Two of the best states for high school football will be voting to go in polar opposite directions when handling transfers.

Florida took the first step in approving a proposal Thursday to essentially create sports free agency, while New Jersey is set to discuss a rule so restrictive that it could come close to ending the perceived epidemic.

The Florida House Ed Committee Bill was proposed on Monday and would remove most obstacles regarding athletic transfers. It passed 13-5 in a vote Thursday and will go to the House floor.

In a 61-page proposal (which can be read here) the members of the FHSAA will be voting on three major changes:

* School choice for athletic purposes – a student may attend one school and play for another.

* Prohibiting private schools and school boards from adopting more stringent rules on transfers.

* Limiting ineligibility to only three (3) criteria: GPA, falsifying information, and impermissible benefits – leaving out age, years of play, etc.

If passed, the bill would also replace the FHSAA governance of the matter with a nine member board, replace the appeal process with a two step conference-then-arbitration standard, and allow schools to belong to multiple athletic associations based on sport.

Many in the state feel the bill will not pass because of the complete lack of regulations.

Josh Wilson has covered the sport for five years, operating FloridaHSFootball.com, and he described the proposal as ludicrous.

“The way the bill reads now, it is saying a 20-year-old can play football at the next zone over so long as he has a 1.5 grade point average,” he said. “I just don’t understand how no one saw a major problem with that. I sure do.

“If this bill passes, it widens the gap; the rich will get richer and the weak will get weaker.”

Conversely, in New Jersey, the NJSIAA is on the verge of splitting its public schools from its non-public schools as well as discussing a bill that may not pass for the opposite reason as Florida.

Restrictions on transfers would make players who go from a ‘closed enrollment school’ — defined as public schools, which admit students from a defined geography — to an ‘open enrollment school,’ which can enroll students outside traditional boundaries.

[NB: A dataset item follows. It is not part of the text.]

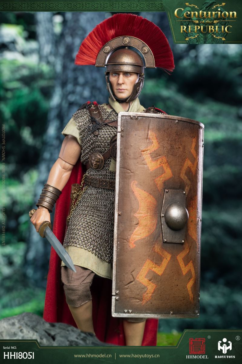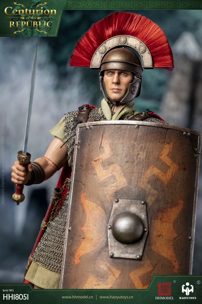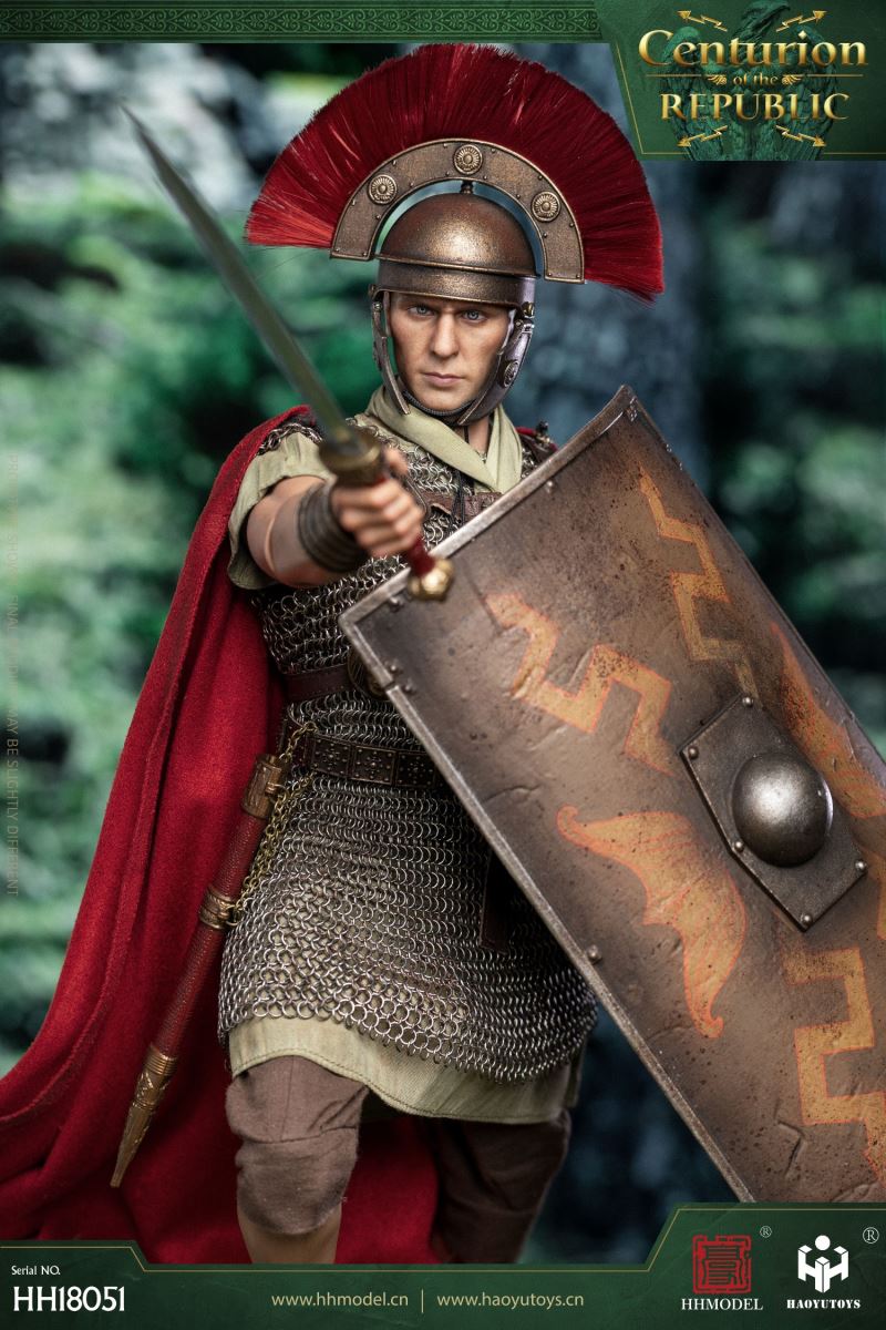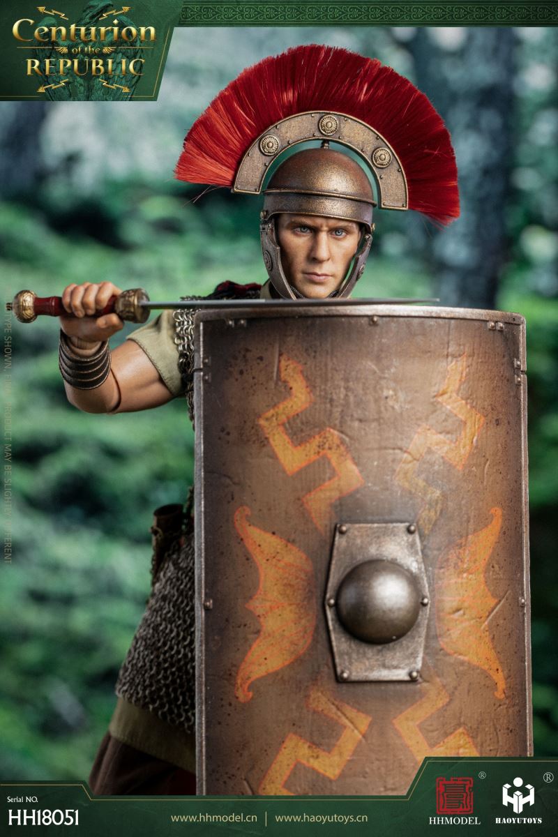 HHMODEL & HAOYUTOYS : 1/6 Imperial Legion - Thirteen Legion Centurion (HH18051)Barcode:6974202930363configuration list: - 1/6 artificial head carving - New movable body - 8 replacement handsclothing: - Helmet (Metal) - True Ring Chainmail - Jacket - Pants - cape - Medallion (Metal) - shoeAccessories: - Long Sword (Metal) - shield - Round platform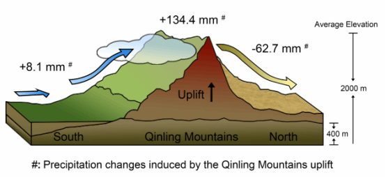 图2--秦岭山脉高程对中国中部降水影响示意图

They would be required to sit out the first 30-days of the transfer and would be ineligible to compete in state playoffs.

Students that transfer with an approved change of address would not be required to miss time, regardless of school zoning.

Additionally, the state is trying to curtail the recruitment of eighth grade players as well as the forfeiture of regular season games.

Micahel Zapicchi, the public/non-public committee chair, said in an email to the NJ Herald that the goal of the bill is to help even competitive balance.

“The rule revisions under consideration provide student athletes the opportunity to seek new educational opportunities, while bolstering the integrity of interscholastic sports, helping maintain competitive fairness, and ensuring cooperation and fair play among schools,” the email read.

“Ultimately, we’re trying to identify a means of being as fair as possible to individual students and to teams that count on the proverbial level playing field.”

According to the NJSIAA website of the 1,156 tracked transfers by the state in 2013-14, only two were challenged for athletic advantage and 549 came with bona fide change-of-residence compliance.

Interestingly, the number of transfers from non-public to public outnumbered those from public to non-public, 255 to 186.